Osteoarthritis (OA) is a major cause of human disability. Despite receiving treatment, patients with the middle and late stage of OA have poor survival outcomes. Therefore, within the framework of predictive, preventive, and personalized medicine (PPPM/3PM), early personalized diagnosis of OA is particularly prominent. PPPM aims to accurately identify disease by integrating multiple omic techniques; however, the efficiency of currently available methods and biomarkers in predicting and diagnosing OA should be improved. Disulfidptosis, a novel programmed cell death mechanism and appeared in particular metabolic status, plays a mysterious characteristic in the occurrence and development of OA, which warrants further investigation.
In this study, we integrated three public datasets from the Gene Expression Omnibus (GEO) database, including 26 OA samples and 20 normal samples. Via a series of bioinformatic analysis and machine learning, we identified the diagnostic biomarkers and several subtypes of OA. Moreover, the expression of these biomarkers were verified in our in-house cohort and the single cell dataset.

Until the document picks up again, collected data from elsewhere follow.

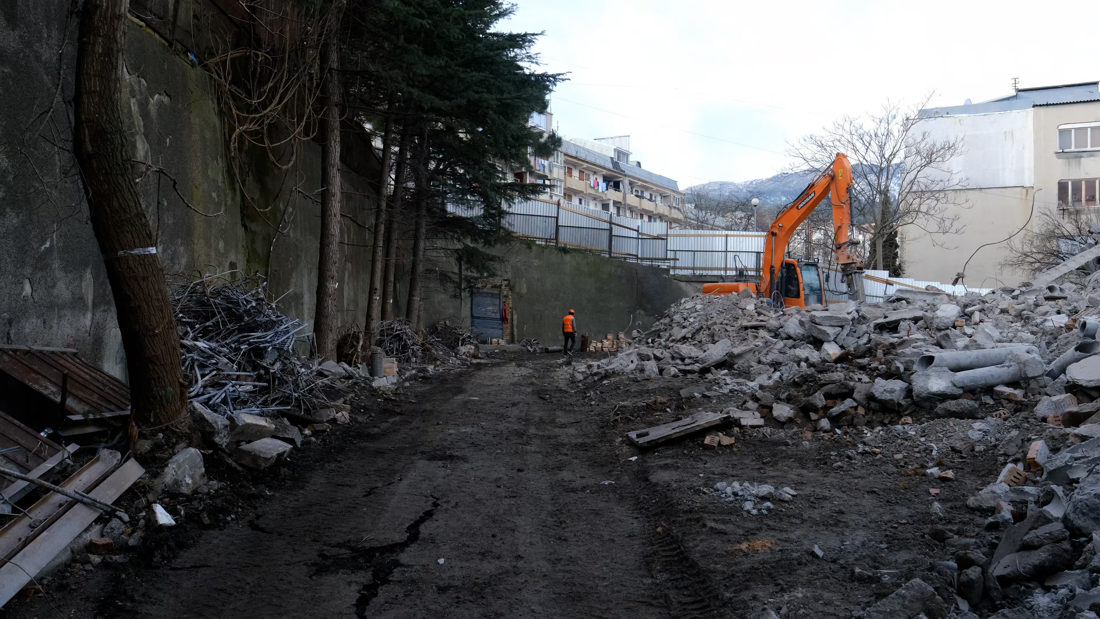 Сейчас проходит демонтаж основного здания. После этого подрядчик приступит к работам по устройству площадки и инженерной защите участка.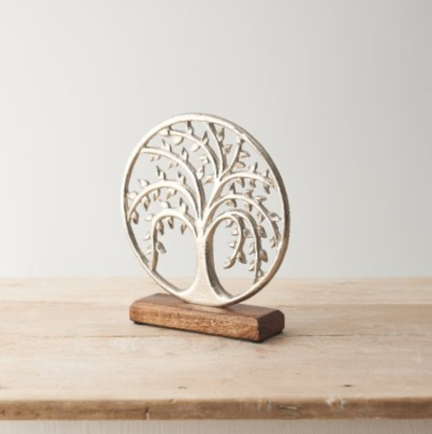 An attractive tree of life ornament. Beautifully crafted from hammered metal with delicate leaves. Presented on a base made from natural mango wood.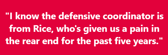 “I know the defensive coordinator is from Rice, who’s given us a pain in the rear end for the past five years.”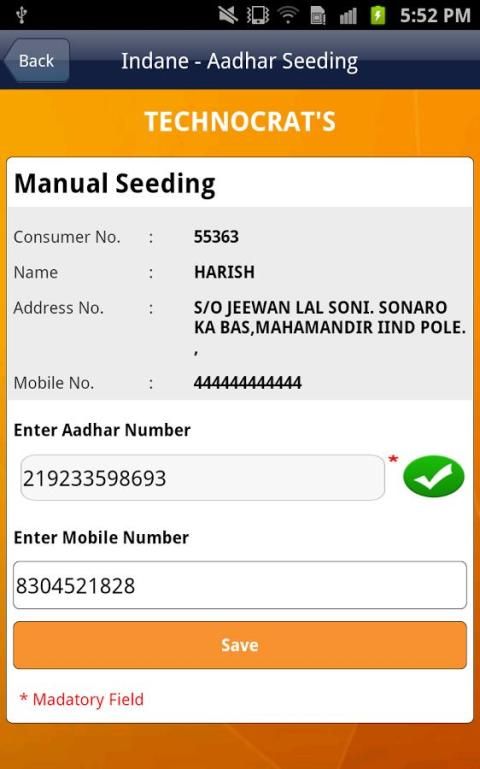 تم تطوير هذا التطبيق للموزعين IOCL لبذر مقالات Aadhaar بواسطة رمز الاستجابة السريعة ويدويا.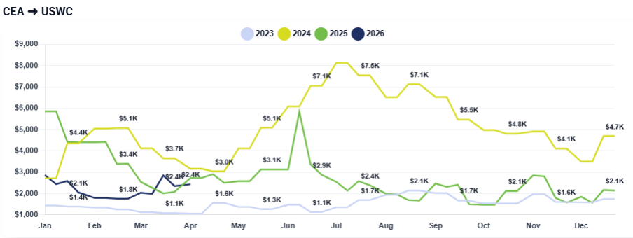 CEA to USWC: Rates have dipped slightly, now averaging between $1,800 and $1,900 per FEU.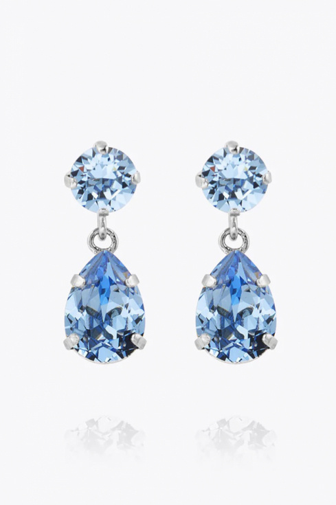 Mini Drop Earrings, Rhodium & Light Sapphire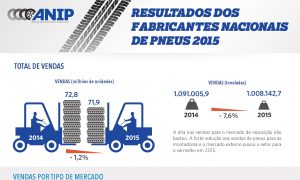 Segundo dados da Associação Nacional dos Fabricantes de Veículos Automotores (Anfavea), a retração observada no setor automotivo foi de 26,6% nas unidades negociadas em 2015, o que ocasionou uma queda expressiva nas vendas de pneus para as montadoras, levando à retração de 23,9% de unidades de pneus comercializados em 2015, fortemente impactada pelo fraco desempenho das vendas de pneus de passeio (-22,4%) e de carga (-49,6%). “O pneu de carga é um produto de alto valor agregado, cuja redução nas vendas impacta fortemente as receitas do setor”, avalia Alberto Mayer, Presidente da ANIP. O segmento de pneus de carga decresceu de 1,9 milhão de unidades vendidas em 2014 para 964 mil unidades em 2015.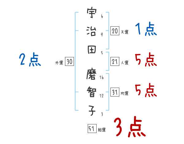 外運![]() | 宇治田磨智子さんの外運は30画の2つ星!浮き沈みの激しさに注意しましょう。 生活面を象徴する運勢です。外部から受ける影響力を表し、結婚運、家庭運や職場、環境への順応性を表します。 |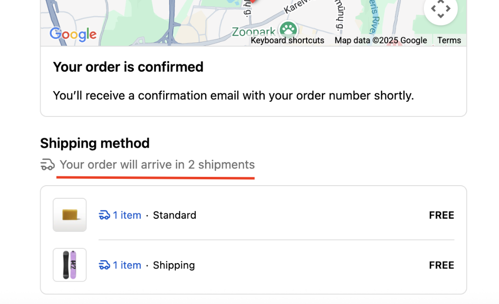 When customers accept post-purchase upsells through our application and other 3rd party upsell apps, Shopify automatically displays “Your order will arrive in 2 shipments” messaging on the order confirmation and status pages, even when all items can physically be fulfilled together from the same location. This occurs because Shopify’s core fulfillment system treats post-purchase upsells as order edits, which triggers the platform’s split shipment logic designed to handle multi-location fulfillment and inventory management. Unfortunately, this messaging cannot be suppressed or customized through app settings, Shopify admin configurations, or checkout extension APIs, as it’s controlled by Shopify’s deep platform-level order processing system.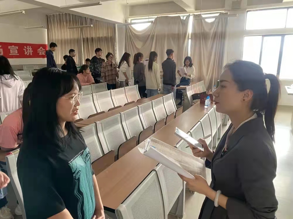 各家企业负责人先后就企业背景、企业团队、企业文化、工资待遇、福利奖金、以及企业发展前景和岗位上升空间进行全面的讲解。每一位企业负责人一边讲解,一边详细解答同学们提出的疑问,不断与在场同学展开互动,消除同学们的后顾之忧。深圳春航商贸有限公司由于客观原因未能到场,因此采用线上会议的方式来给同学们进行讲解和面试。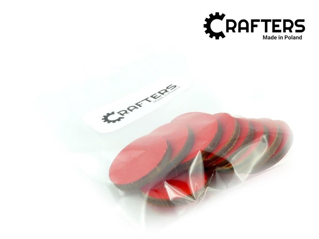 Żetony wykonane ze sklejki brzozowej, barwione, o grubości 3 mm, średnica żetonu wynosi 22 mm. W opakowaniu jest 10 żetonów. Użyteczne w grach bitewnych, RPG, grach Print & Play, w prototypach gier planszowych, jako zamienniki elementów oraz przy wprowadzaniu własnych modyfikacji zasad do gier.

Three significant regulators of disulfidptosis (NCKAP1, OXSM, and SLC3A2) were identified through differential expression analysis and machine learning. And a nomogram constructed based on these three regulators exhibited ideal efficiency in predicting early- and late-stage OA. Furthermore, based on the expression of three regulators, we identified two disulfidptosis-related subtypes of OA with different infiltration of immune cells and personalized expression level of immune checkpoints. Notably, the expression of the three regulators was demonstrated in a single-cell RNA profile and verified in the synovial tissue in our in-house cohort including 6 OA patients and 6 normal people. Finally, an efficient disulfidptosis-mediated diagnostic model was constructed for OA, with the AUC value of 97.6923% in the training set and 93.3333% and 100% in two validation sets.